Call to ban killer robots in wars
A group of scientists has called for a ban on the development of weapons controlled by artificial intelligence (AI).
It says that autonomous weapons may malfunction in unpredictable ways and kill innocent people.
Ethics experts also argue that it is a moral step too far for AI systems to kill without any human intervention.
The comments were made at the American Association for the Advancement of Science meeting in Washington DC.
Human Rights Watch (HRW) is one of the 89 non-governmental organisations from 50 countries that have formed the Campaign to Stop Killer Robots, to press for an international treaty.
Among those leading efforts for the worldwide ban is HRW's Mary Wareham.
"We are not talking about walking, talking terminator robots that are about to take over the world; what we are concerned about is much more imminent: conventional weapons systems with autonomy," she told BBC News.
"They are beginning to creep in. Drones are the obvious example, but there are also military aircraft that take off, fly and land on their own; robotic sentries that can identify movement. These are precursors to autonomous weapons."
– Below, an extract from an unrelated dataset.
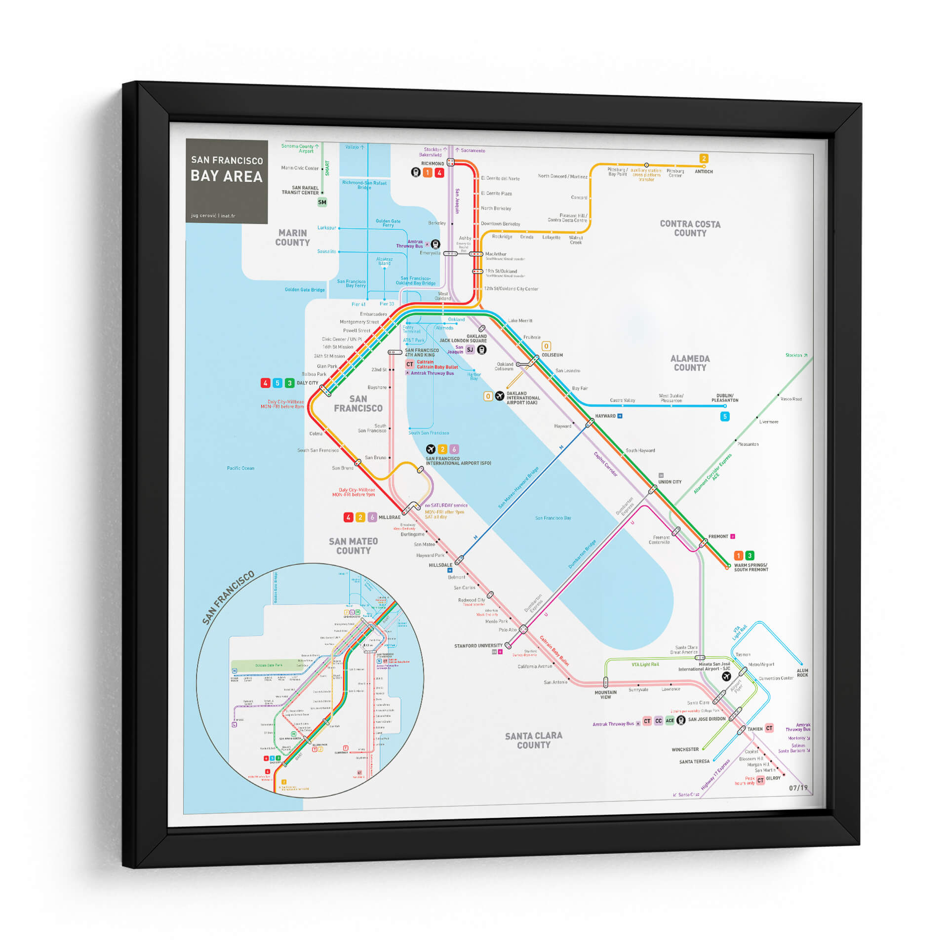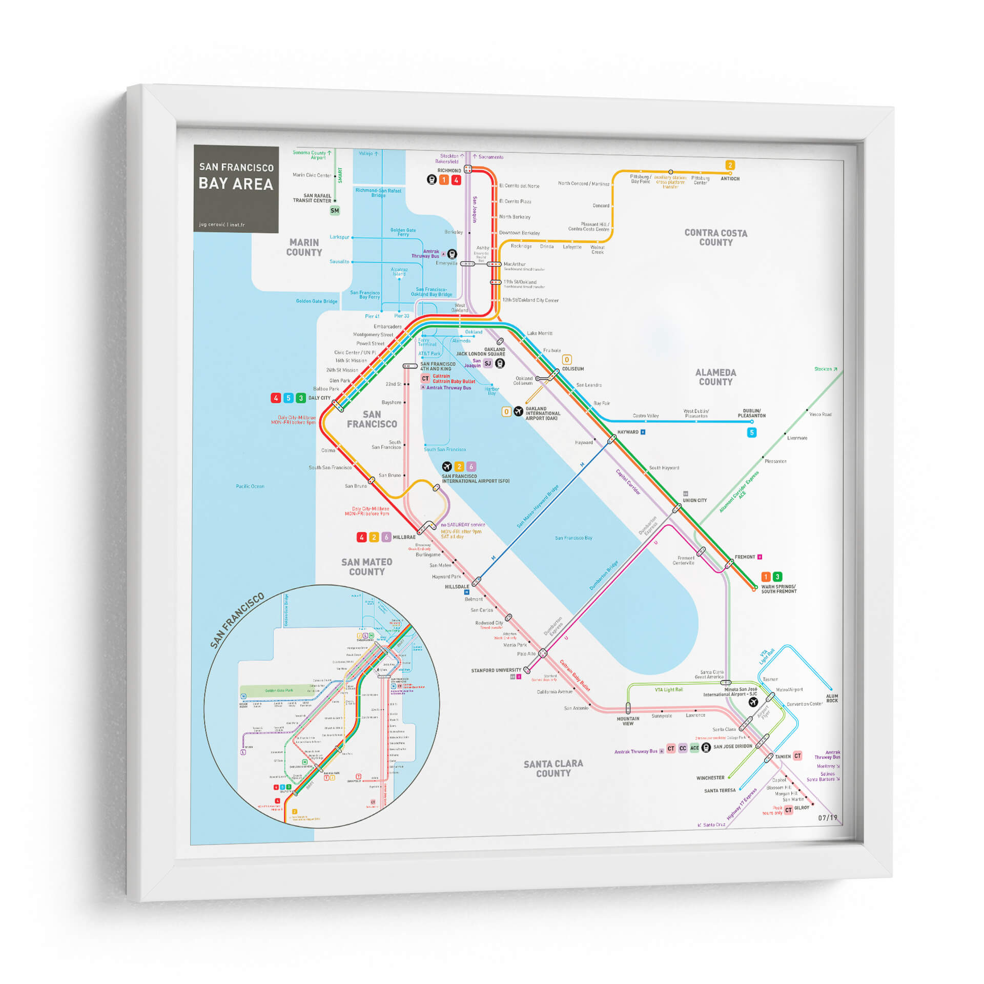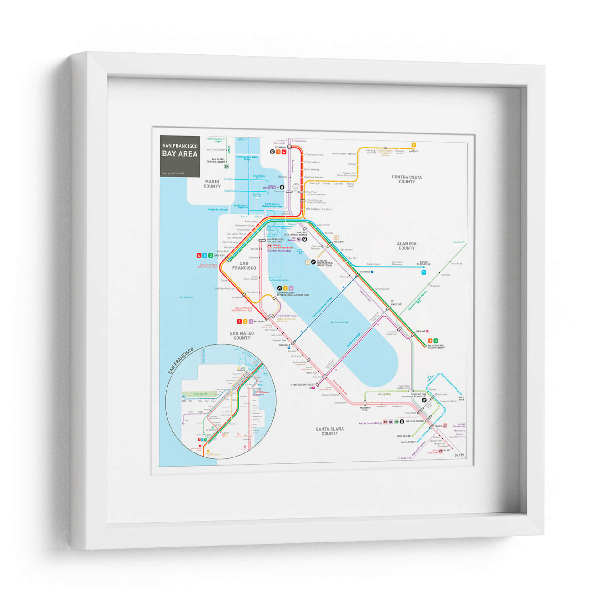 Embárcate en un viaje visual a través de la vibrante metrópoli de San Francisco y su área metropolitana con este detallado cuadro decorativo. La obra, inspirada en el icónico mapa del sistema de transporte público, presenta una intrincada red de líneas de colores que representan las rutas de metro, autobuses y trenes, conectando puntos clave como el centro de San Francisco, el aeropuerto internacional y extendiéndose hacia condados vecinos como Marin, San Mateo, Alameda y Santa Clara. Los colores vivos y contrastantes de las distintas líneas (rojo, azul, verde, morado, naranja) no solo guían la mirada del espectador, sino que también añaden un toque de energía y dinamismo al diseño. La composición, aunque funcional en su origen como mapa, se transforma en una pieza de arte abstracto y geométrico, perfecta para añadir un toque moderno y urbano a cualquier espacio. Ideal para amantes de la geografía, viajeros empedernidos, o aquellos que buscan una pieza de conversación única para su hogar u oficina. Este cuadro decorativo es una excelente manera de celebrar la conectividad y la complejidad de una de las áreas urbanas más influyentes de California.

Ryan Gariepy, chief technological officer at Clearpath Robotics, backs the ban proposal.
His company takes military contracts, but it has denounced AI systems for warfare and stated that it would not develop them.
"When they fail, they fail in unpredictable ways," he told BBC News.
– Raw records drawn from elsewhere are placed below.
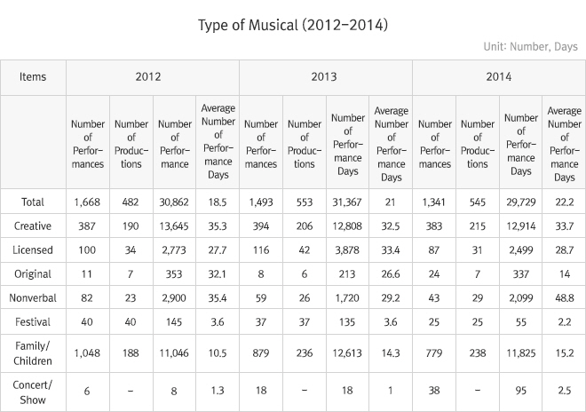 In 2014, 545 musicals were produced, a 1.4 percent decrease from 2013, and a total of 1,341 musicals were performed, a 10.2 percent drop from the previous year. The total number of performance days numbered 29,729, a decrease of 5.2 percent from 2013. On the other hand, the average number of performance days has steadily increased over the last 12 years, with 2014 seeing an average of 22.2 performance days, a 5.7 percent increase from the previous year.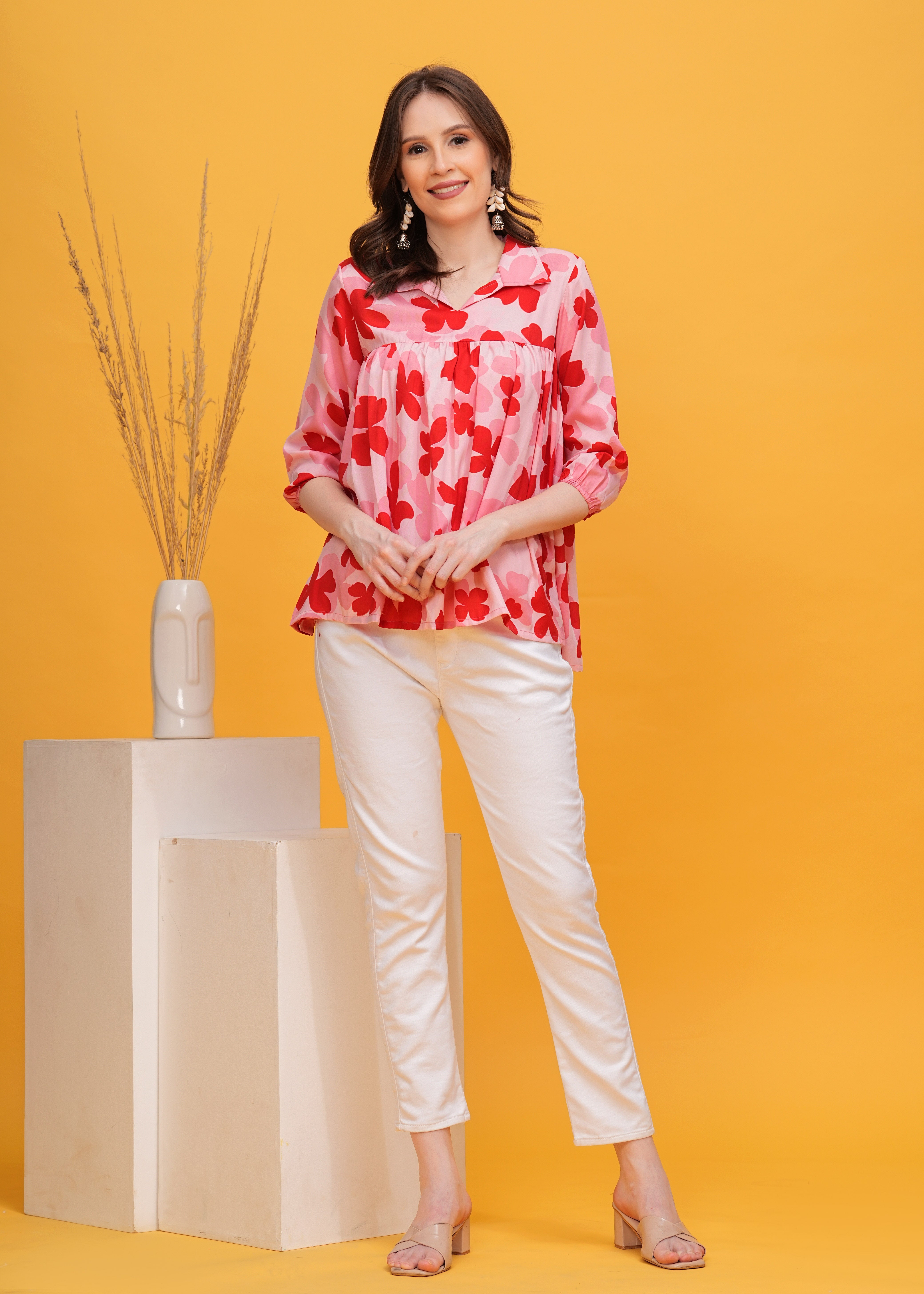 Introducing our stylish top, featuring a shirt collar and a beautiful flower print. With 3/4 sleeves, this top is perfect for any occasion. Stay on trend and elevate your wardrobe with this versatile and flattering piece.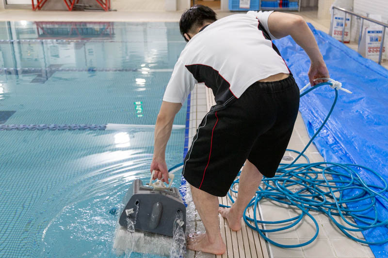 閉館時にプール用の掃除機を入れて、一晩かけてプール内の髪の毛やゴミなどを吸い取ってキレイにします\(^o^)/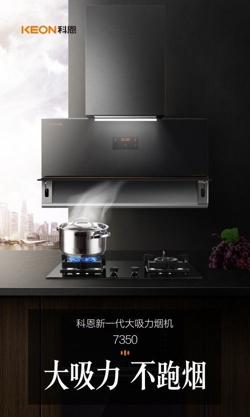 告别油腻,远离油烟,享受健康厨房!科恩新一代大吸力烟机7350满足多种烹饪需求,让厨房不再有油烟!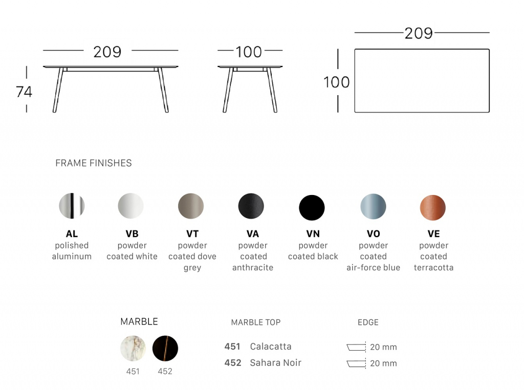 Дизайн: RadiceOrlandini. Идея возникновения коллекцииSquidисходит из необходимости создания универсальныхстолов, адаптируемыхк различным средам и доступныхв различных формах и размерах. Squid M- это стол со столешницей из мрамора, доступный в прямоугольной или шестиугольной версии. Название Squid является данью природе,отсылая к «каракатице», что поясняет необычную форму литых алюминиевых ножек.Это делает ножки такими же легкимипо форме, каки прочнымипо материалу. Небольшое изменение продольной поверхности, которое можно увидеть спереди, имеет две цели: добавить «гребень» к ножке, чтобы сделать ее более прочной и создать интересный контраст света и тени. Прямолинейный, разнообразный и универсальный стол Squid M адаптируется к любым условиям, предлагая бесконечное гостеприимство в доме, в общественныхместах и на различных мероприятиях; он станет украшением любого пространства и обеспечит комфортный прием пищи. Откройте для себя все доступные варианты отделки. Особенности: Конструкциявыполнена из металла, ножки - из литого под давлением алюминия. Доступны отделки: полированный алюминий и порошковое покрытие в различных цветах. Столешница толщиной 20ммиз мраморатолщиной 20мм. Скошенный край. Защитныйлакиз прозрачного глянцевого полиэстера. Подпятники выполнены из полипропилена. Варианты отделки каркаса и столешницы можно выбрать из палитры. Поставляется в разобранном виде. Посмотреть технические характеристики. Цена на сайте указана за модель с ножками из окрашенного в черный цвет алюминияи столешницей из белого мрамора Калакатта. Для уточнения всех возможных вариантов материала ицвета данного изделия обращайтесь к нашимменеджерам!Характеристики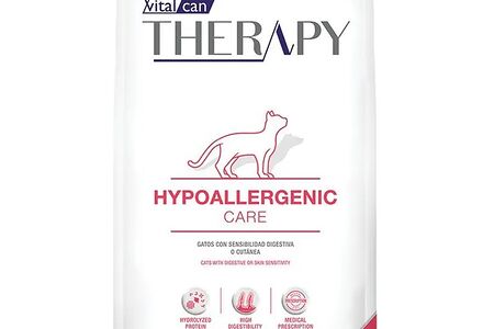 Vitalcan Therapy Feline Hypoallergenic Care - полнорационный корм для кошек с признаками пищевой непереносимости и пищевой аллергии. Для лечения данных заболеваний диета содержит гидролизат белка с низкой молекулярной массой и специально подобранные углеводы. • Гидролизат белка: низкая молекулярная масса гидролизованных белков помогает контролировать аллергию. • Высокая усвояемость: в составе формулы корма легко усваиваемые углеводы, такие как картофельный крахмал и крахмал из тапиоки, они быстро всасываются и обеспечивают восстановление чувствительного кишечника. • Омега-3: высокая концентрация Омега-3 улучшает состояние слизистой оболочки кишечника и кожи.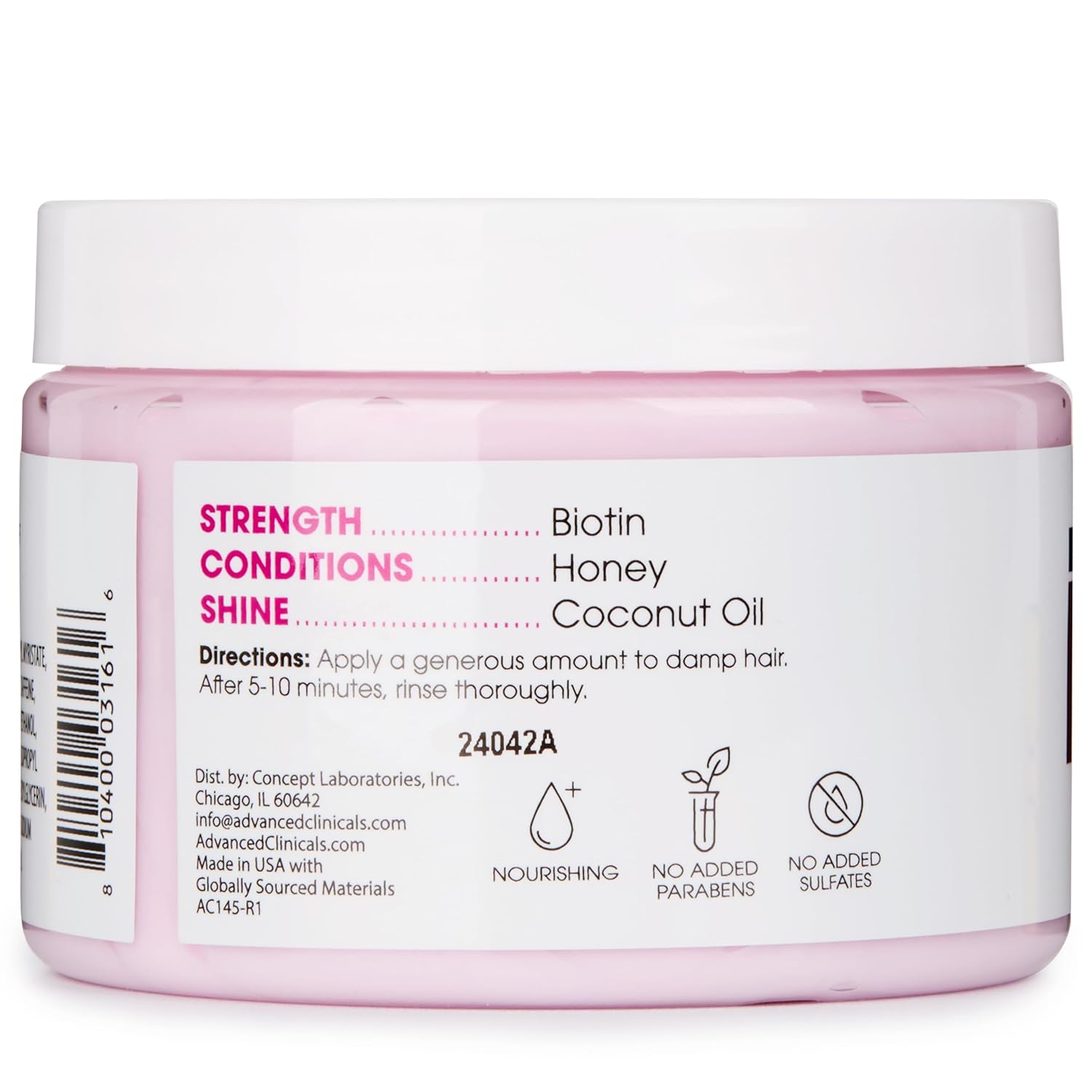 Advanced Clinicals Biotin Hair Treatment Anti-Breakage Repair Hair Mask. Strengthen Broken, Color-Treated Hair W/Repairing Deep Conditioner Manuka Honey & Caffeine To Restore Weak Hair, (Pack Of 2)

"As advanced as we are, the state of AI is really limited by image recognition. It is good but does not have the detail or context to be judge, jury and executioner on a battlefield.
"An autonomous system cannot make a decision to kill or not to kill in a vacuum. The de-facto decision has been made thousands of miles away by developers, programmers and scientists who have no conception of the situation the weapon is deployed in."
According to Peter Asaro, of the New School in New York, such a scenario raises issues of legal liability if the system makes an unlawful killing.
"The delegation of authority to kill to a machine is not justified and a violation of human rights because machines are not moral agents and so cannot be responsible for making decisions of life and death.
"So it may well be that the people who made the autonomous weapon are responsible."